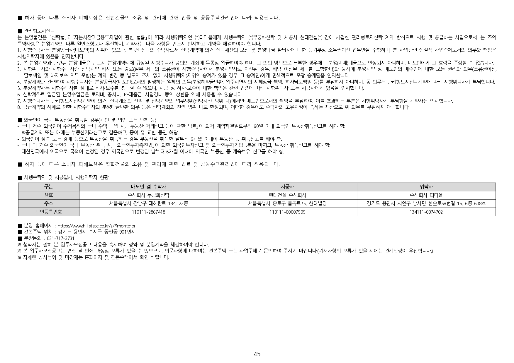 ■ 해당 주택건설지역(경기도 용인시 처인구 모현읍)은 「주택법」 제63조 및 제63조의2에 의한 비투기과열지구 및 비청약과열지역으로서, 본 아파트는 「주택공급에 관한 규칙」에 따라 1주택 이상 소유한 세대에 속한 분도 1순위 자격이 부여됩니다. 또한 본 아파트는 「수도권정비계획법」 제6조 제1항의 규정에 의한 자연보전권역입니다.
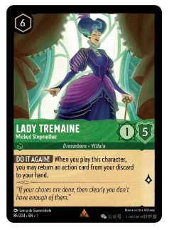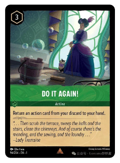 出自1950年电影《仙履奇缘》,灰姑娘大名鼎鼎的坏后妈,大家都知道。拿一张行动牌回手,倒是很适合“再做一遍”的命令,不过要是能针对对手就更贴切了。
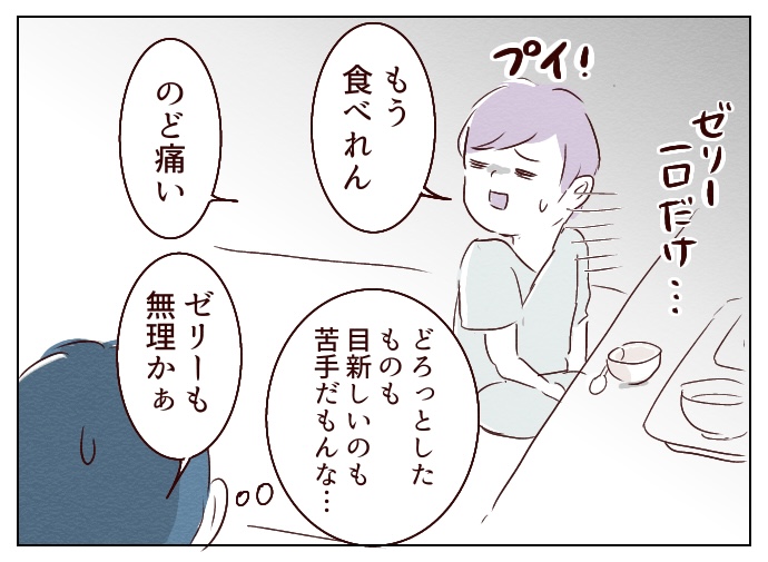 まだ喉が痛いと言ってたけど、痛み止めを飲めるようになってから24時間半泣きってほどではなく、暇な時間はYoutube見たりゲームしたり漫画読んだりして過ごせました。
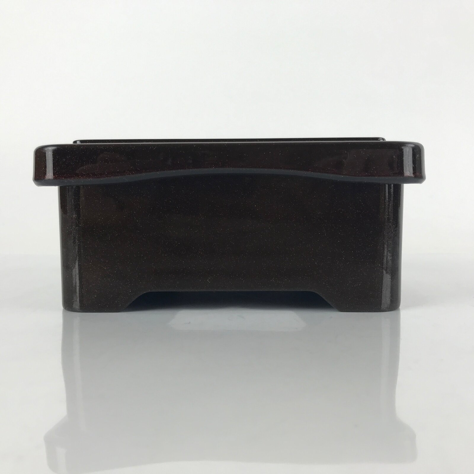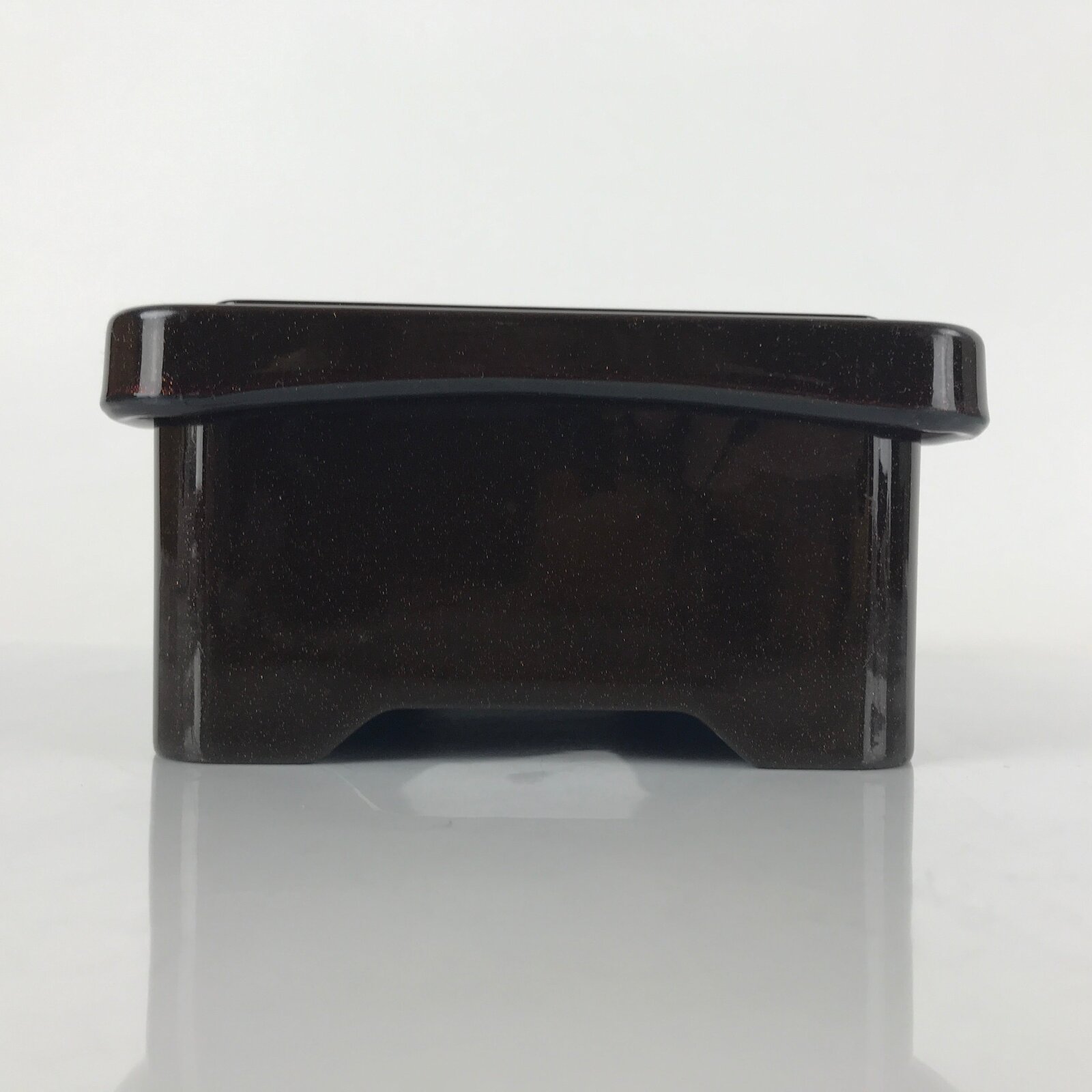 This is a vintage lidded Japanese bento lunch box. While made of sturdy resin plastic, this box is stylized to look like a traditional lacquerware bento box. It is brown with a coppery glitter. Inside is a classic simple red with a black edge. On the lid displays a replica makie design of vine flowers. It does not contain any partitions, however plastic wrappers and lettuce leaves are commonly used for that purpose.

· · ·

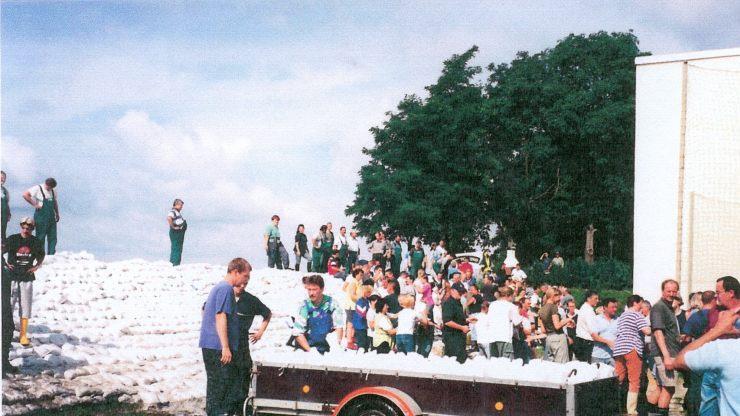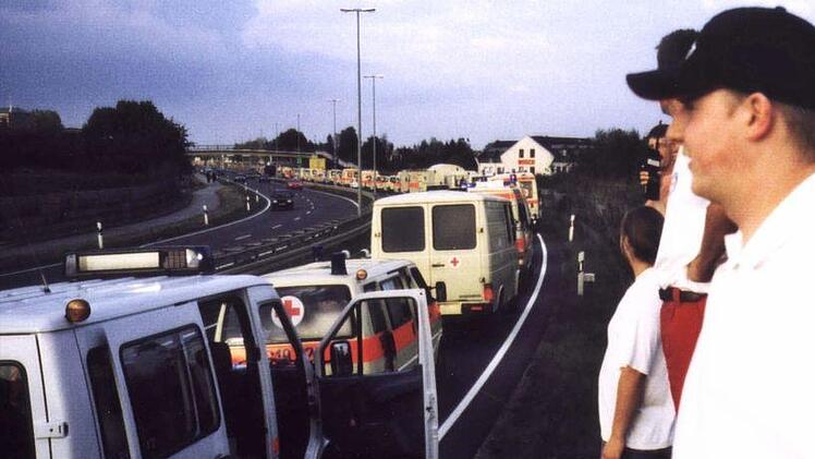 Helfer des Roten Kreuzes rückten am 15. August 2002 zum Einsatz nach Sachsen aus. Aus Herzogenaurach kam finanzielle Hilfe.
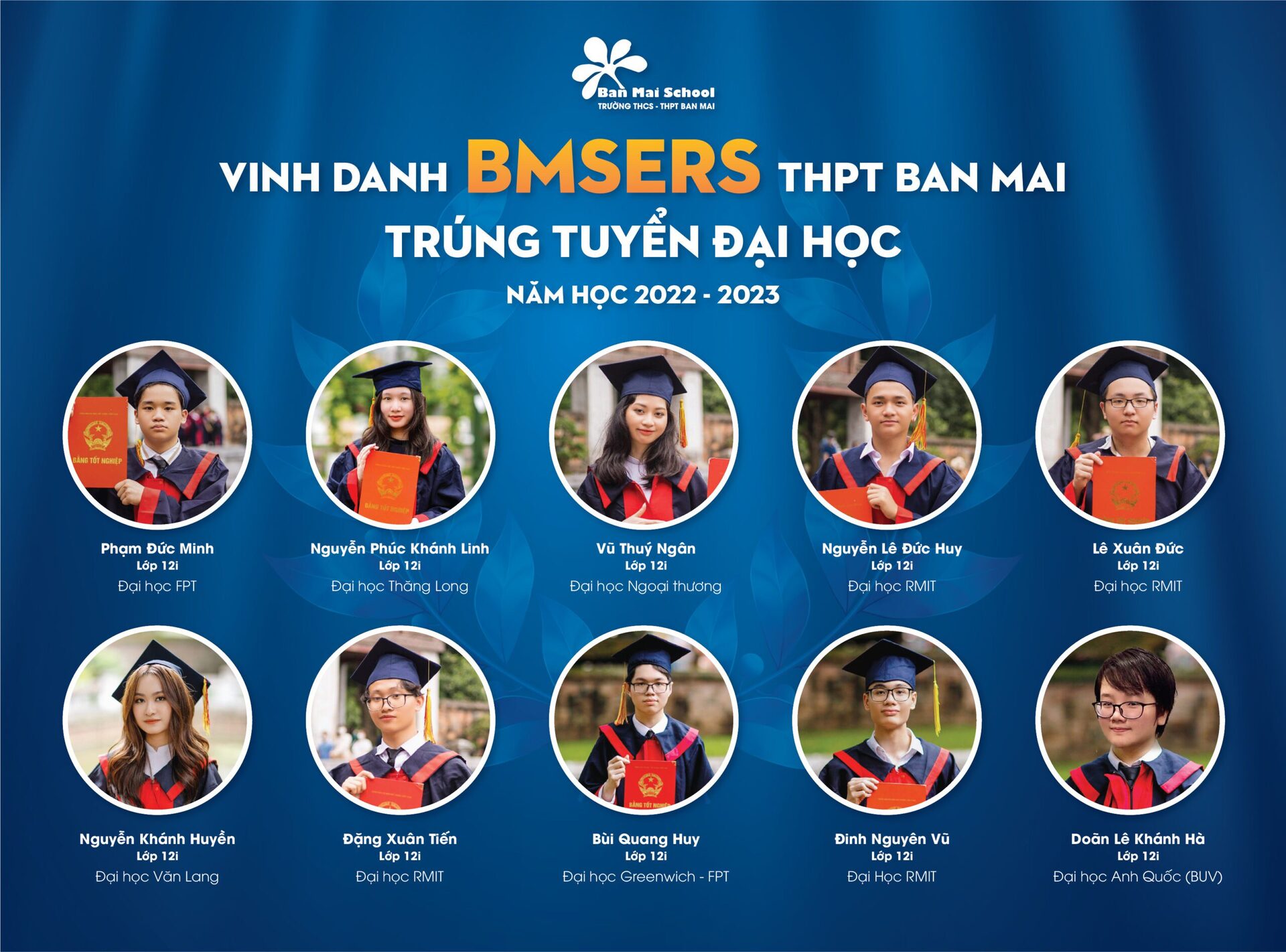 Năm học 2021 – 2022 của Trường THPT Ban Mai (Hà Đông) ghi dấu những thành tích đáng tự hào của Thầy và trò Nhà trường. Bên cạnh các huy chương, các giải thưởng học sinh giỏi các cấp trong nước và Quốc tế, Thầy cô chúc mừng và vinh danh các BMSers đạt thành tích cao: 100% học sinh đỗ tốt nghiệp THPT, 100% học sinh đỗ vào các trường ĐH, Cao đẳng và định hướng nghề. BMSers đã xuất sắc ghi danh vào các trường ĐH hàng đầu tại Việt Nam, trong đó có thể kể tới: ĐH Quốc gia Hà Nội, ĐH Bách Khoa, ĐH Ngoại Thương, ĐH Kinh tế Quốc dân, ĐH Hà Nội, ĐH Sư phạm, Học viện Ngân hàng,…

· · ·

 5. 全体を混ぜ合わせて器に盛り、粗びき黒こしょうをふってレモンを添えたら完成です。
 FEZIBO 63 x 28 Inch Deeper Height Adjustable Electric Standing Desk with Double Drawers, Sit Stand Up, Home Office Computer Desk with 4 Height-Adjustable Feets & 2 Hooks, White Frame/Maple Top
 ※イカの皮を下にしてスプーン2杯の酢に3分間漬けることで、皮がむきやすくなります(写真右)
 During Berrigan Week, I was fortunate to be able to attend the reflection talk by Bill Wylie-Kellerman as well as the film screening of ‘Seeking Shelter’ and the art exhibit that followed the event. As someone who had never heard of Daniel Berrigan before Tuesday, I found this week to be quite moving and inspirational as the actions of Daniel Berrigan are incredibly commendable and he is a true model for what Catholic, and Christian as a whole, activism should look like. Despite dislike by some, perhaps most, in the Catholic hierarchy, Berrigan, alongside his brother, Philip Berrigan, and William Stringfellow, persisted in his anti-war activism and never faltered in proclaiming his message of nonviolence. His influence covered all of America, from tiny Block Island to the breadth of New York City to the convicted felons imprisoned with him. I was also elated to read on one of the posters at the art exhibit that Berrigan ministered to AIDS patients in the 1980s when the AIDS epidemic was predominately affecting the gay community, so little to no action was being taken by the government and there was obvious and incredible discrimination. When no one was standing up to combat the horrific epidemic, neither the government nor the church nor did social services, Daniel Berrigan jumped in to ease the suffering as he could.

· · ·

Task instructions
Your reply is to be an exact repeat of the listing above from the line holding "出自1950年电影《仙履奇缘" down to the line holding "This is a vintage", ends included, pictures excluded.

Your solution
 出自1950年电影《仙履奇缘》,灰姑娘大名鼎鼎的坏后妈,大家都知道。拿一张行动牌回手,倒是很适合“再做一遍”的命令,不过要是能针对对手就更贴切了。
 まだ喉が痛いと言ってたけど、痛み止めを飲めるようになってから24時間半泣きってほどではなく、暇な時間はYoutube見たりゲームしたり漫画読んだりして過ごせました。
 This is a vintage lidded Japanese bento lunch box. While made of sturdy resin plastic, this box is stylized to look like a traditional lacquerware bento box. It is brown with a coppery glitter. Inside is a classic simple red with a black edge. On the lid displays a replica makie design of vine flowers. It does not contain any partitions, however plastic wrappers and lettuce leaves are commonly used for that purpose.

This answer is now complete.